In [1]:
import csv
import pandas as pd
import tensorflow as tf
import numpy as np
from tensorflow.keras.preprocessing.text import Tokenizer
from tensorflow.keras.preprocessing.sequence import pad_sequences
from tensorflow.keras.models import Sequential
from tensorflow.keras.layers import Dense, Flatten, LSTM, Dropout, Activation, Embedding, Bidirectional

import nltk
from nltk.corpus import stopwords
stop_words = set(stopwords.words('english'))


In [2]:
#Remove stop words from data and fill in the article and labels lists

articles = []
labels = []

with open("/Users/alikazmi/Desktop/bbc-text.csv", 'r') as csvfile:
    reader = csv.reader(csvfile, delimiter=',')
    next(reader)
    for row in reader:
        labels.append(row[0])
        article = row[1]
        for word in stop_words:
            token = ' ' + word + ' '
            article = article.replace(token, ' ')
            article = article.replace(' ', ' ')
        articles.append(article)

In [3]:
#Set parameters required to build and train the model.

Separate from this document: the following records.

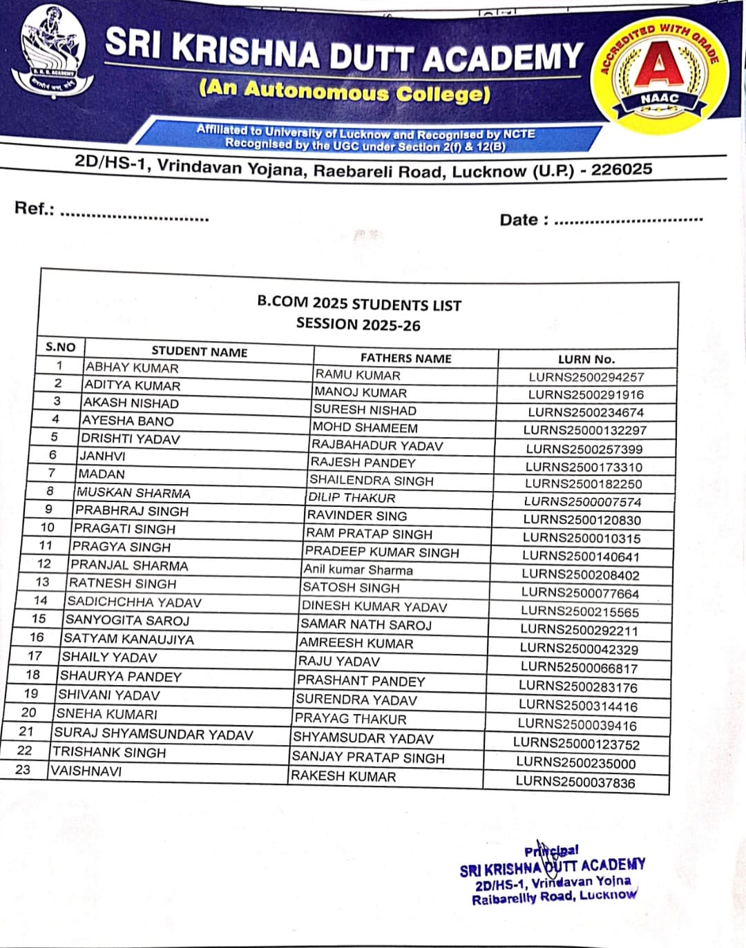 Admitted B.com students list (2025-26)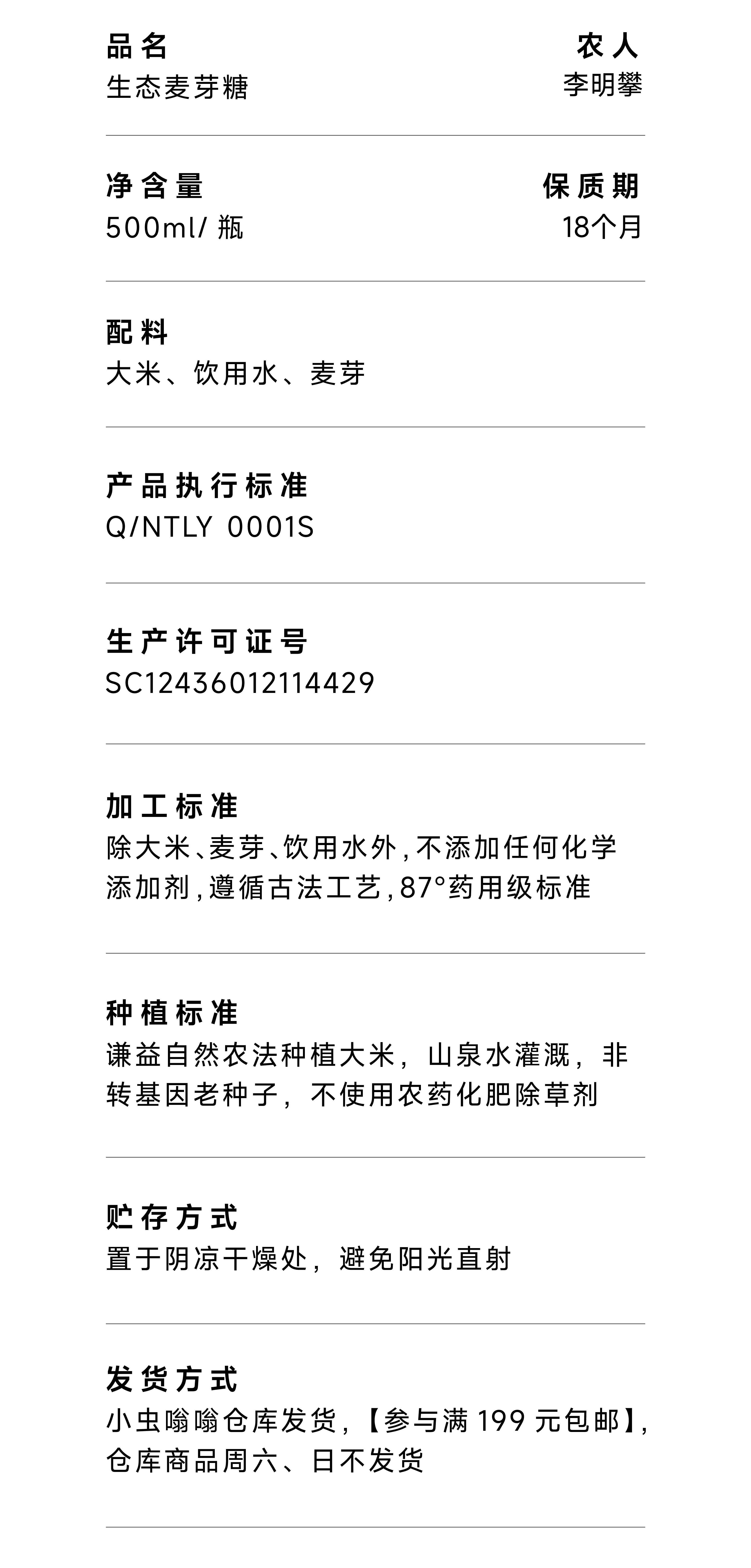 生态麦芽糖 500ml/瓶 | 合作农友生产,产自,生产者:李明攀 &【公平贸易农人定价】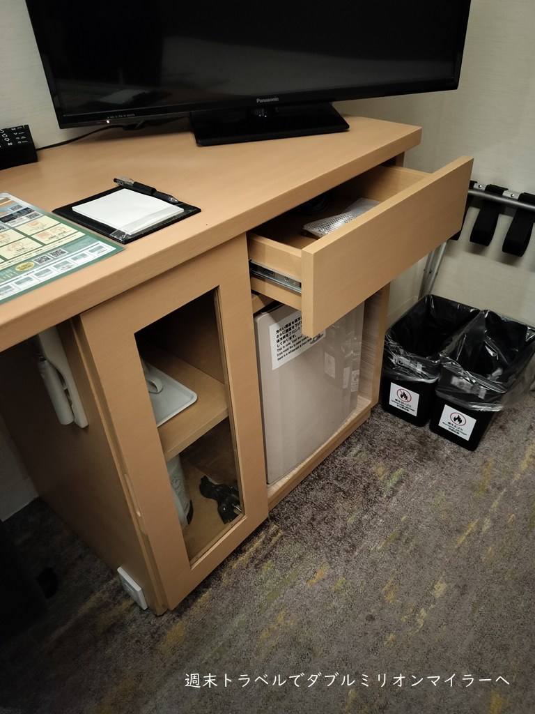 壁側にカウンターのデスクスペースとテレビ、冷蔵庫などがコンパクトにまとまって設置されています。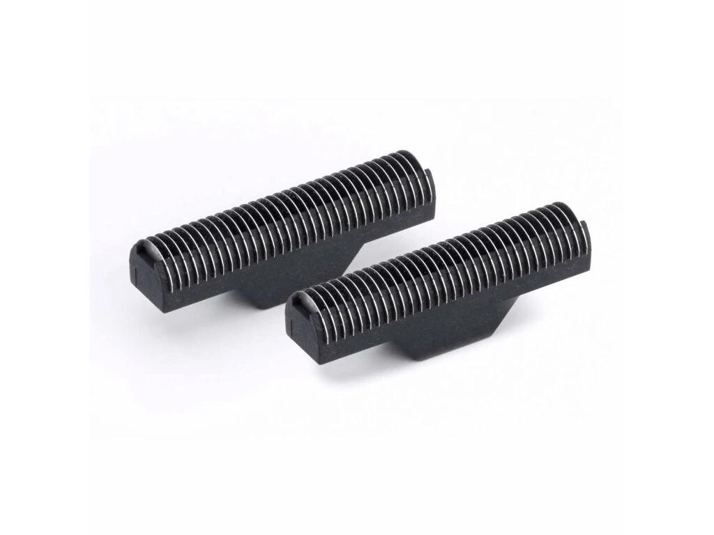 Čepele mají speciální „staggered“ (střídavé) uspořádání zubů, které zlepšuje zachycení vlasů a umožňuje hlubší a rovnoměrnější oholení. Díky tomu zvládají i hustší porost a zanechávají velmi hladký finiš bez nutnosti opakovaných přejezdů.

vocab_size = 5000 # make the top list of words (common words)
embedding_dim = 64
max_length = 200
trunc_type = 'post'
padding_type = 'post'
oov_tok = '<OOV>' # OOV = Out of Vocabulary
training_portion = .8

In [4]:
#Create Training and Testing Set

train_size = int(len(articles) * training_portion)

train_articles = articles[0: train_size]
train_labels = labels[0: train_size]

test_articles = articles[train_size:]
test_labels = labels[train_size:]

In [5]:
print("train_size", train_size)
print(f"train_articles {len(train_articles)}")
print("train_labels", len(train_labels))
print("test_articles", len(test_articles))
print("test_labels", len(test_labels))

train_size 1780
train_articles 1780
train_labels 1780
test_articles 445
test_labels 445


In [10]:
#Tokenization, Sequencing and Padding

tokenizer = Tokenizer(num_words = vocab_size, oov_token=oov_tok)
tokenizer.fit_on_texts(train_articles)
word_index = tokenizer.word_index

train_sequences = tokenizer.texts_to_sequences(train_articles)
train_padded = pad_sequences(train_sequences, maxlen=max_length, padding=padding_type, truncating=trunc_type)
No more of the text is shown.